How Compute Index turns live H100 prices into a market signal
The primary index is not a generic GPU average. It is a H100-focused market heat score built from live or availability-verified spot prices, provider-level medians, source confidence, and freshness gates.
What the score means
The 0-100 score measures H100 market heat. Lower scores indicate a buyer-friendlier market with softer prices or better supply.
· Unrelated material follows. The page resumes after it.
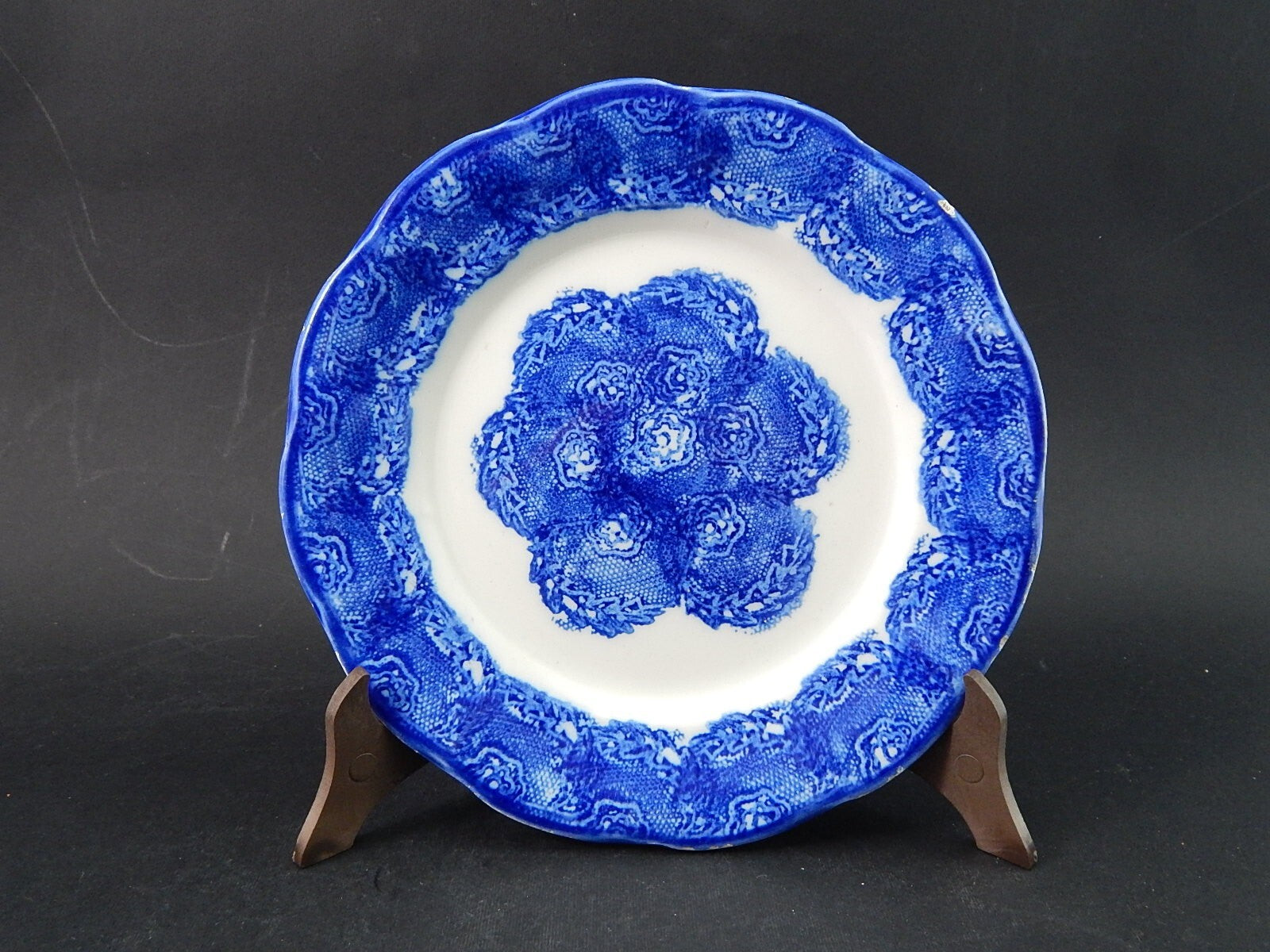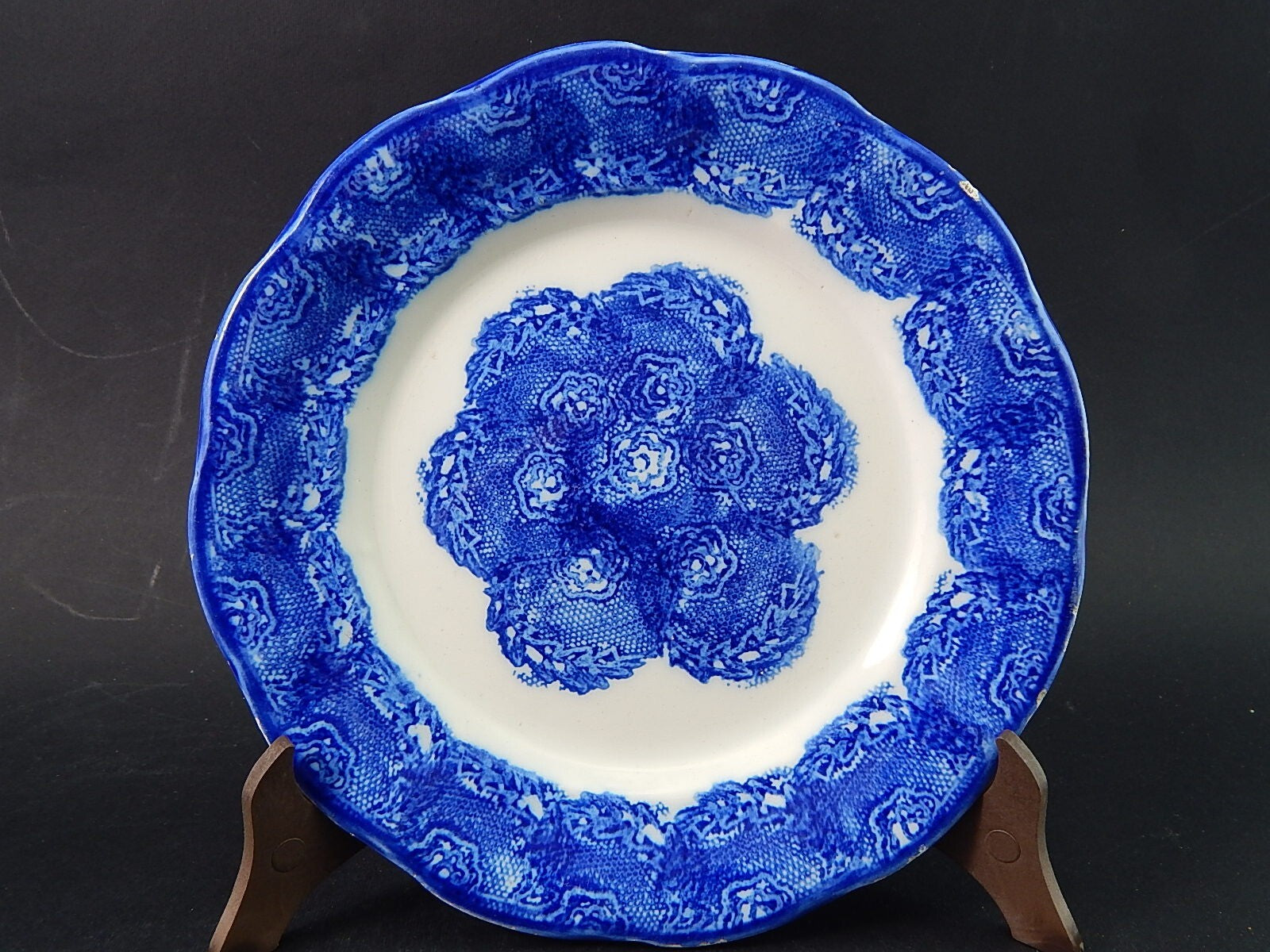 ANTIQUARIATO PIATTO CERAMICA MONDOVÌ META' 1800 BIANCO BLU PIZZO DECORO TAMPONE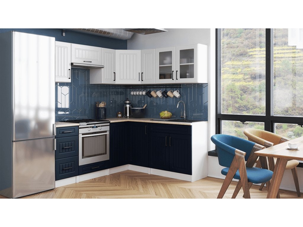 Rohová kuchyňská linka Romana bílá/tm.modrá MAT

Higher scores indicate seller-friendlier conditions with rising prices, tighter supply, wider provider spreads, or weaker source health.
Buyer's market
Neutral-buyer
Neutral-seller
Seller's market
Component weights
What enters the spot index
- GPU class must resolve to H100-family inventory.
- Price must be normalized to USD per GPU-hour.
- Offer must be live or availability-verified for the primary spot tape.
- Rows must pass source-quality gates and freshness windows.
- Provider medians are computed before the global aggregate to reduce marketplace row-count bias.
What is excluded
- Hardcoded fallback rows.
- Unknown or unmatched GPU aliases.
- Stale rows outside provider freshness windows.
- Official list prices without verified current capacity.
- Quote-required or contact-sales rows without public spot availability.
Freshness windows
Freshness depends on the source type. Fast-moving marketplace APIs should refresh much more often than official catalog pages.
stale after roughly 30 minutes
stale after roughly 24 hours
reference after roughly 7 days
always excluded from market aggregates
Current limitations
The index is optimized for public H100 spot-market visibility, not every private enterprise contract. Some providers expose only official list prices, contact-sales pricing, or limited capacity signals. Those rows are useful context, but they are visually and methodologically separated from the primary live spot index.